Grammar and Usage: The Hidden Block
Embedded in the linguistics block are 8 to 10 items on practical English grammar — subject-verb agreement, parallelism, modifier placement, sentence-pattern identification. These look simple. They aren't, when written as LET items.
The framing usually offers four sentences and asks which is grammatically correct, or shows one sentence and asks for the error type. Drill these. They're identical in style to the Gen Ed grammar block but with a higher density on the Major paper.
The Gen Ed review strategy covers grammar at the basic level. English Major drills it deeper.
Speaking Skills and Phonetics
The speech block tests pronunciation principles, public speaking framework (introduction-body-conclusion, audience analysis, delivery modes), and discourse markers in spoken language.
The trickiest items: identifying which English vowel sound a word contains using IPA notation.
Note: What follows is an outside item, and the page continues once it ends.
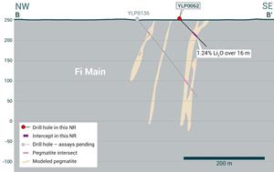 Cross-section of YLP0062 which intersected 16 metres at 1.24% Li2O in the Fi Main pegmatite dyke.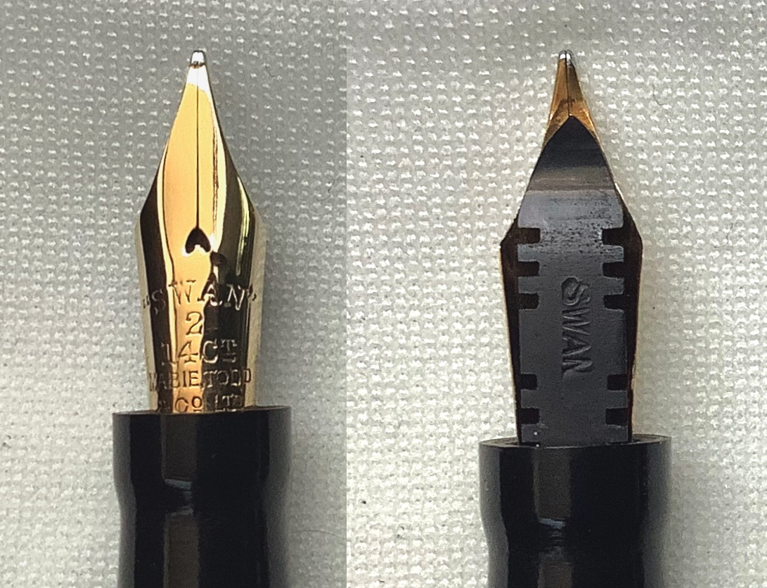 Il pennino è un misura 2 in oro 14 carati e reca impresso “SWAN”, la misura e la caratura espressa in CT , per ultimo il nome del fabbricante MABIE,TODD Co LTD.

Filipino speakers often confuse the schwa sound with short-i or short-e — both phonetically distinct in English, both commonly tested.
Drill: a printed IPA chart, the 44 English phonemes (24 consonants, 20 vowels including diphthongs), and minimal pair drills (ship vs sheep, beat vs bit).
How Super Tutor's LET English Track Handles This
Our LET Secondary track with English Major runs literature, linguistics, and language teaching as separate domains with rationale-driven MCQs. Linguistics gets its own analytics dashboard so you can see whether phonetics, syntax, or semantics is dragging your score. Focused Yearly is ₱1,999/year.
For broader pacing, see the Complete LET Guide 2026. The Major Field guide covers how to balance English drilling against Prof Ed and Gen Ed.
FAQs
How much linguistics is on the English Major paper?
Around 25 items per cycle. It's the largest single block on the paper. Skipping it makes a passing score arithmetically difficult.
Do I need to read the Noli and Fili in full?
No. A solid summary plus key chapter understanding plus quoted passages covers the LET's question style. Reading both novels in full takes weeks you don't have.
What about Filipino literature in English vs Filipino in Filipino?
The English Major paper covers Filipino literature in English (Bulosan, Joaquin, English-language Filipino writers) and Philippine literature originally in Filipino read in English translation. The Filipino Major paper covers Filipino-language literature directly.
Is World Literature heavy on Western or balanced?
Historically Western-heavy (Shakespeare, Greek tragedy, Romanticism, modernism), but recent cycles have increased Asian and postcolonial coverage. Don't skip Asian lit.
What's the IPA chart and do I really need to memorise it?
The International Phonetic Alphabet — symbols for English sounds. Yes, memorise the basic chart. Two to three items per cycle test it directly. Free points lost otherwise.
Next Steps
Take a diagnostic this week across all five blocks. Identify your weakest two. Build a 14-day drill block for those. Then run mocks. Adjust. Repeat.